__Provided data__
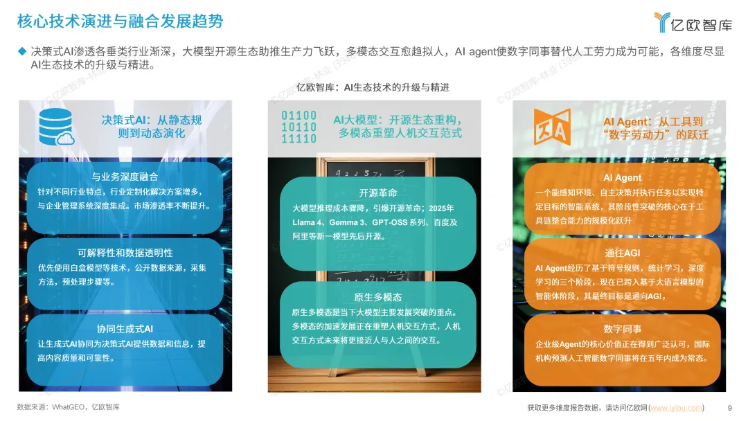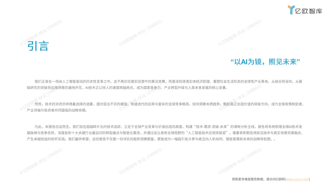 《2025全球人工智能技术应用洞察报告》聚焦全球AI产业变革,清晰勾勒出美欧中三方主导的竞争格局,深入解读了多模态交互、AI Agent、开源革命等核心技术走向。报告展示了AI在互联网、金融、医疗等十大行业的场景化突破,通过设立“全球人工智能技术应用突破奖”树立行业标杆,同时预判未来市场将聚焦行业化、场景化、生态化竞争,数据安全、伦理合规与人才短缺三大挑战亟待应对。
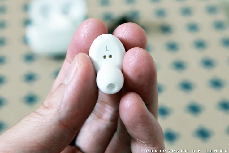 수디오 톨브 이어폰의 모습. 아래쪽 구멍이 사운드가 나오는 부위이며, 'L'자 밑에 2개의 점이 충전독과 접촉하여 충전이 이루어지는 부분이다.
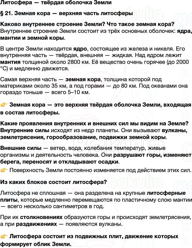 Краткое содержание Параграф 21. Земная кора — верхняя часть литосферы
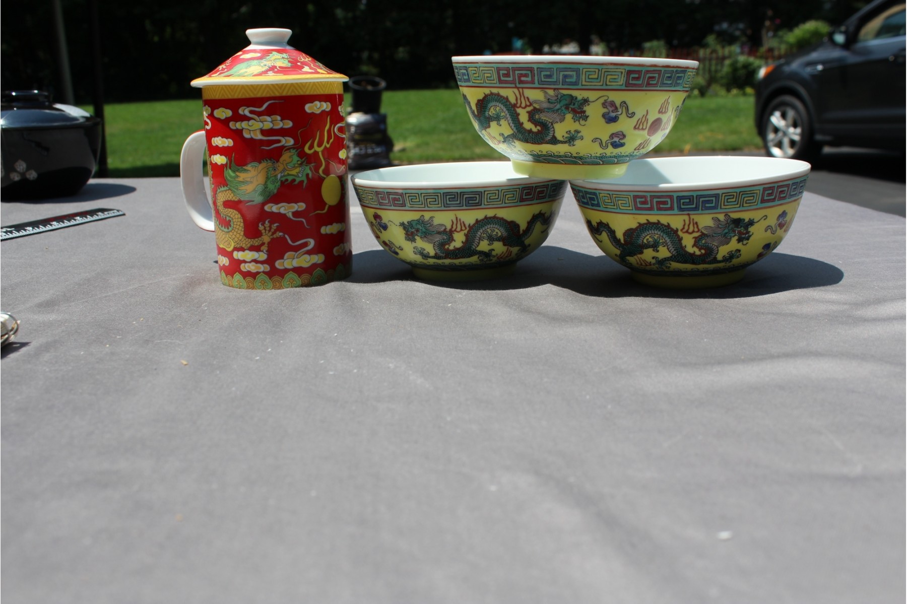 Great lot for the Year of the Dragon in 2024. 3 Rice bowls with great enamel work and gorgeous Red based glaze and work on the teacup.
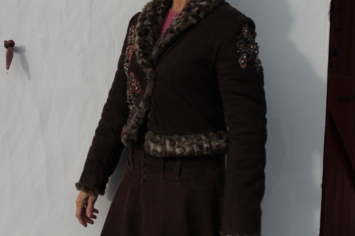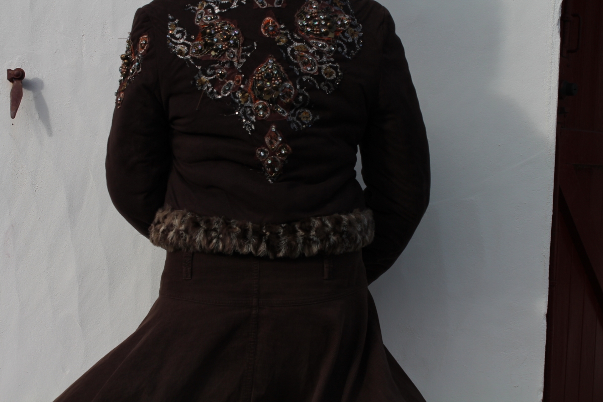 Il y a des empiècements de perles colorées au dos, sur le devant, et sur la manche gauche. (voir photos)
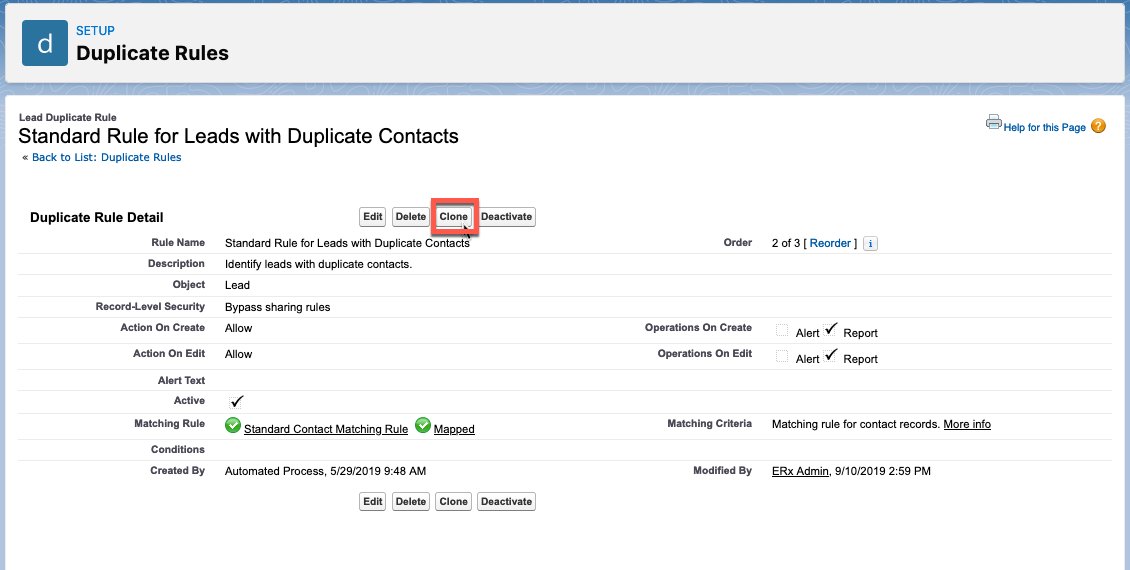 - On the Standard Rule for Leads with Duplicate Contacts page, click the Clone

__What this task involves__
Each line from the one that holds "Краткое содержание Параграф" through the end of the entries must be returned exactly, while any pictures stay out.

__Result of the task__
 Краткое содержание Параграф 21. Земная кора — верхняя часть литосферы
 Great lot for the Year of the Dragon in 2024. 3 Rice bowls with great enamel work and gorgeous Red based glaze and work on the teacup.
 Il y a des empiècements de perles colorées au dos, sur le devant, et sur la manche gauche. (voir photos)
 - On the Standard Rule for Leads with Duplicate Contacts page, click the Clone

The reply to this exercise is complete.